Рыжий шел за Ириной, прикрывая веки, чтобы не слепило солнце. В поле зрения попадали икры и щиколотки Ирки, на подъеме в гору «впереди» значило «выше», тонкие-тонкие щиколотки таяли в тени, икры же туго светились: солнце швыряло на них яростные блики. Рыжий не поднимал веки, не видел бёдра и так далее, только каменистую или песчаную тропу и Ирку до колен. С каждым ее шагом под веками пульсировало в такт, словно под веками билось сердце. Отсчитывать шаги сердцу надоело: заныло, и Рыжий почти закрыл глаза. И почти увидел другие ноги: полные икры, незагорелые белые-белые подколенные ямки. Давно. Тогда…

Неделю назад сожгли Лильку. Толстую, вульгарную, крикливую, пошлую Лильку. Лильку-огонек сожгли. Со всей ее нетерпимостью, жизнелюбием, энергией, жадностью к жизни, ко всему. С ямочками под коленями, с пышными ягодицами и безразмерными грудями. В подъезде стало темнее – или казалось?

– Малявка, что не заходишь? Заходи, музыку послушаем, – попросил Максим-Рыжий.

– Макс, – неестественно обратилась к нему Ирка, – извини, мы с Лизой тут…

У Ирки появилась приятельница, наконец-то. Он стал не нужен. И свободен. Это хорошо? Он свободен от ее детского обожания, от невысказанной благодарности за тот далекий день, когда Ирка под Rammstein уснула в слезах на его диване? Это отлично! Он свободен! Но будь проклята эта Лиза! В этот день, когда Лильку отправили в крематорий, нет, уже неделя прошла – будь проклята эта неизвестная Лиза в эту неделю!

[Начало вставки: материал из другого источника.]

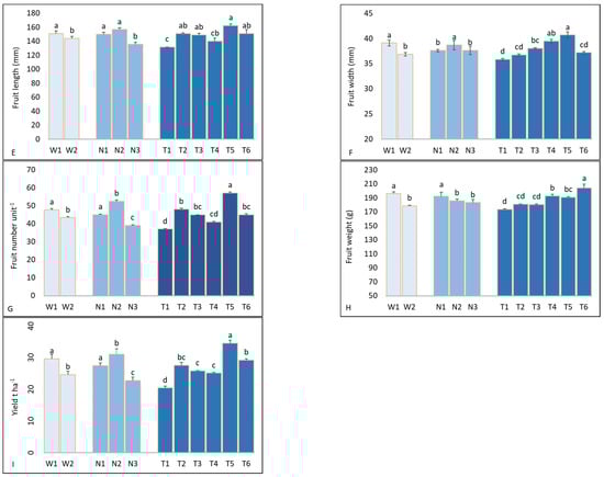 Shoot height (A), SPAD index (B), stem diameter (C), root length (D), fruit length (E), fruit width (F), number of fruit unit−1 (G), fruit weight (H), and yield (ton ha−1) (I) of cucumber-treated plants treated with 50, 70, and 100% nitrogen deficit (N1, N2, and N3) and 50 and 100% full drip irrigation (W1 and W2). The interaction study is represented by T1 (Full irrigation, 100% nitrogen), T2 (Full irrigation, 70% nitrogen), T3 (Full irrigation, 50% nitrogen), T4 (Deficit irrigation, 100% nitrogen), T5 (Deficit irrigation, 70% nitrogen), and T6 (Deficit irrigation, 50% nitrogen) respectively with three replicates per treatment. The different letters indicate significance according to the Tukey’s test (p < 0.05).

Ирка перепрыгнула лужицу мелкого щебня, мелькнула подошвой, интимной частью грубой кроссовки. Оранжевый квадратик вспыхнул почти посередине подошвы, там, где свод стопы. Оранжевый. Рыжий…

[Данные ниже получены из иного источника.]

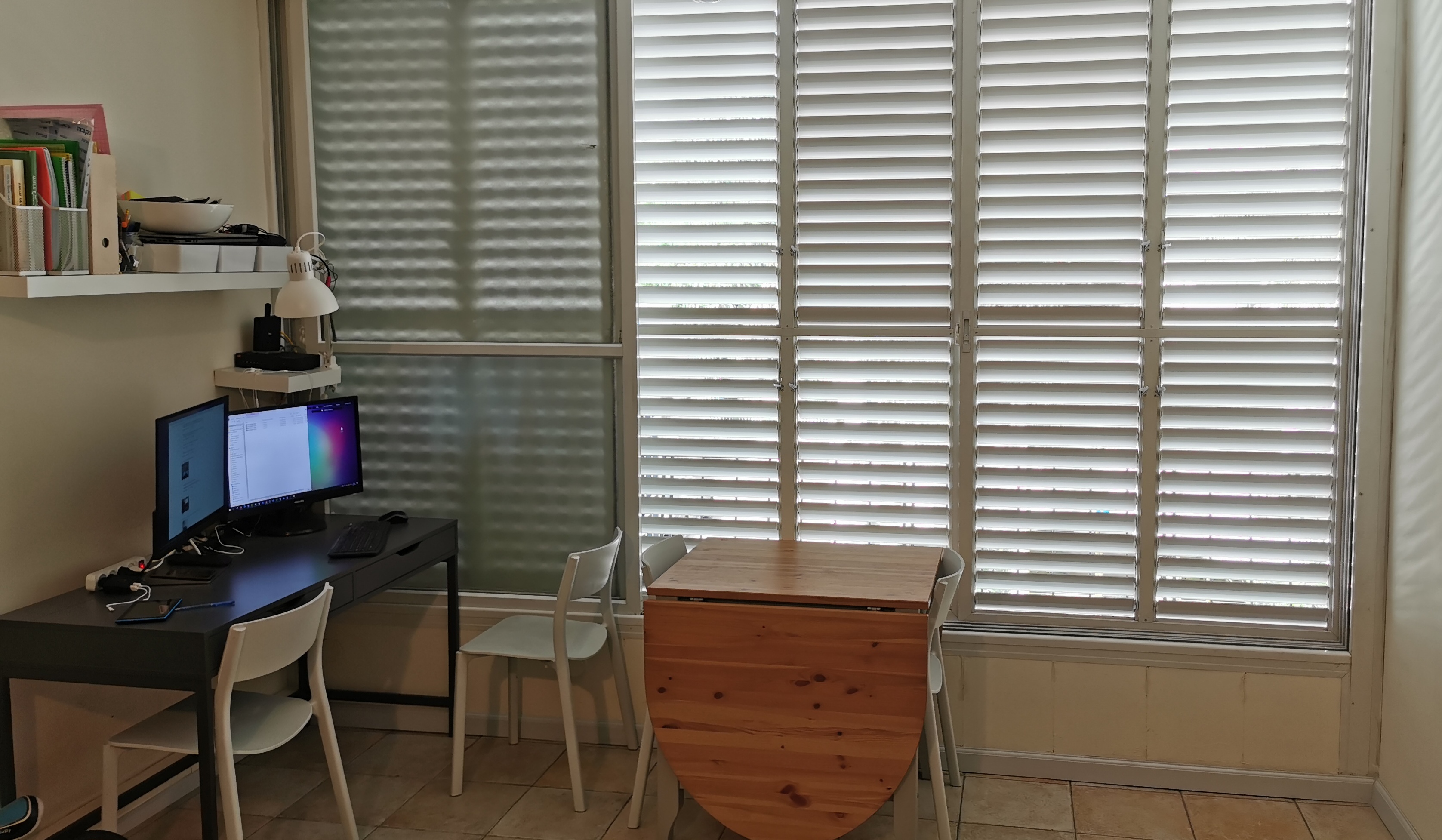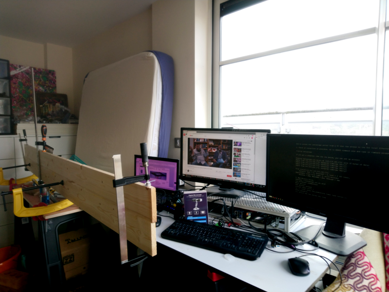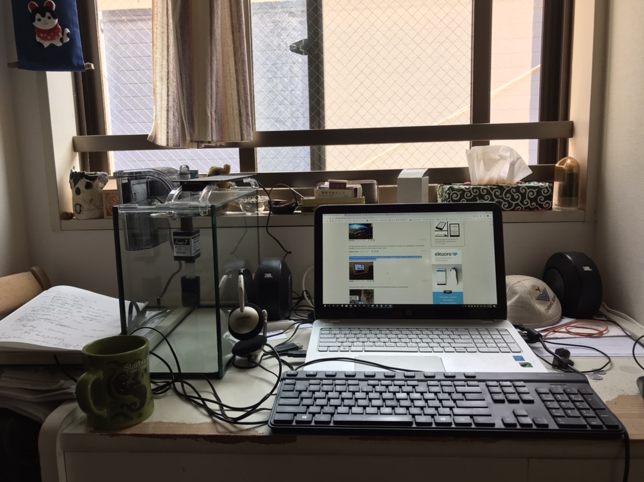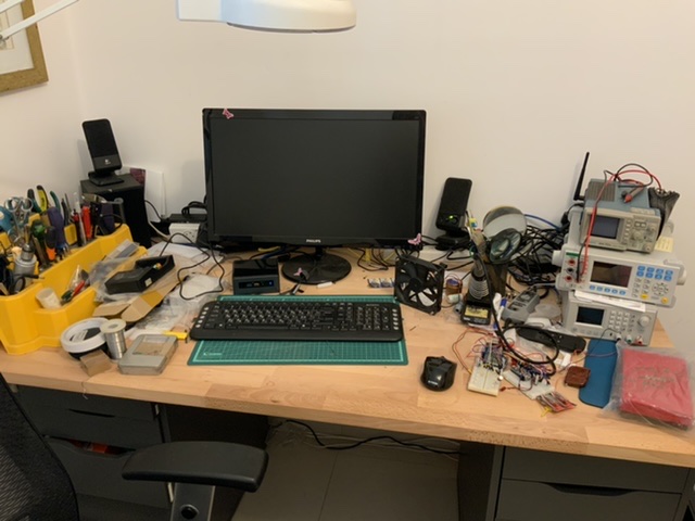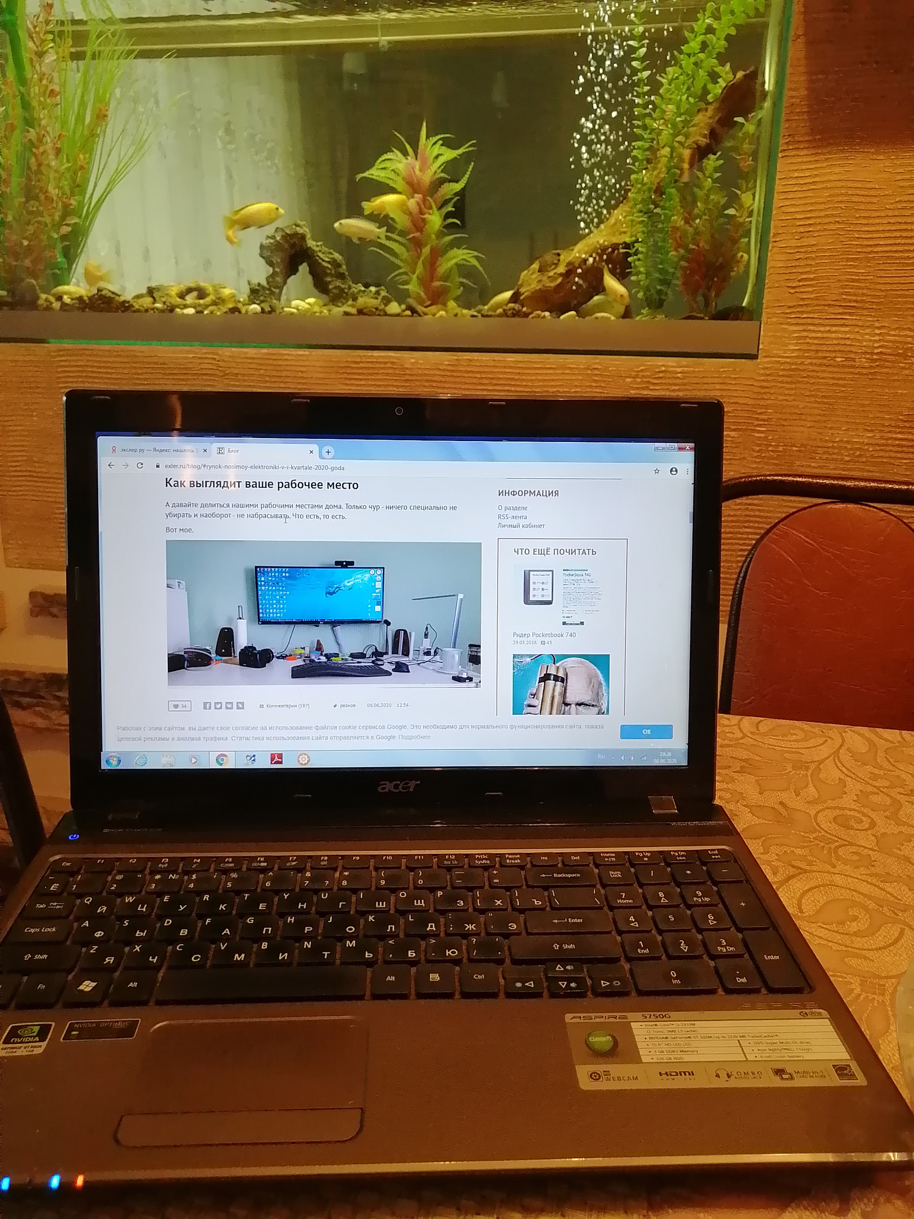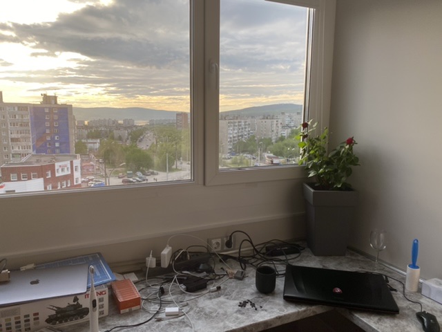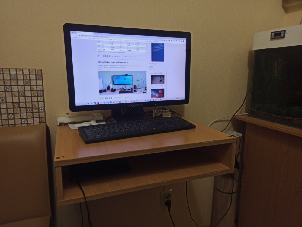 Работаю из офиса - там все платы и пристойные машины. Из дома - телеконференции и по мелочам что-нибудь посчитать. Так что вот такой закуток. Аквариум только что купил и поставил, но он ещё пустой - аквариумные магазины были закрыты из-за пандемии.

Лифт остановился этажом ниже, почему-то. На лестничной площадке у лифта, опершись локтем о перила, вальяжно расположилась тетка, соседка с нижнего этажа – вероятно, она вызвала лифт, чтобы спуститься, потому тот и остановился. Максим, еще просто Максим, ее хорошо помнил, хотя прочих соседей не узнавал – у этой ямочки везде, рыхлая такая, подвижная, смешливая, полу-пожилая: лет за тридцать. Соседка ухмыльнулась:

– Красавчик! Ах, какой красавчик вырос, и надо же – как раз надо мной! Любишь сверху, да?

Максим покраснел, наверное, до коленей. Ему казалось, что даже воротник его косухи, выдубленный и выкрашенный в черный цвет, побагровел вместе с ним.

– Помоги-ка соседке тяжелые сумки донести!

– А где ваши сумки? – по-дурацки спросил он.

– Дома, голубчик, на кухне! Пошли, покажу!

Соседка взяла его за руку, как ребенка, рука у нее была мягкая, пухлая и прохладная, но Максим вздрогнул, как от ожога, и повела – на заклание, пытался он иронизировать про себя. Заклание действительно произошло: на кухне на полу и стремительно. А после еще раз в гостиной (у Максима в квартире это была его комната, совмещенная с общей) и еще раз в спальне соседки (у Максима это была родительская спальня). В спальне получилось уже почти хорошо и даже нестрашно.

– Ну что, можно и познакомиться, – это были первые слова, что услышал Максим от соседки внутри ее квартиры. – Я – Лиля, можно Лилька. А ты Максим, знаю. Но я буду звать тебя – Рыжий. Пушок у тебя такой славный, рыженький – знаешь где? И сам конопатый, ой, да и рыжий, конечно, – ну, почти рыжий!

Так он стал Рыжим. Ему нравилось. Словно простился с детством, поменяв имя.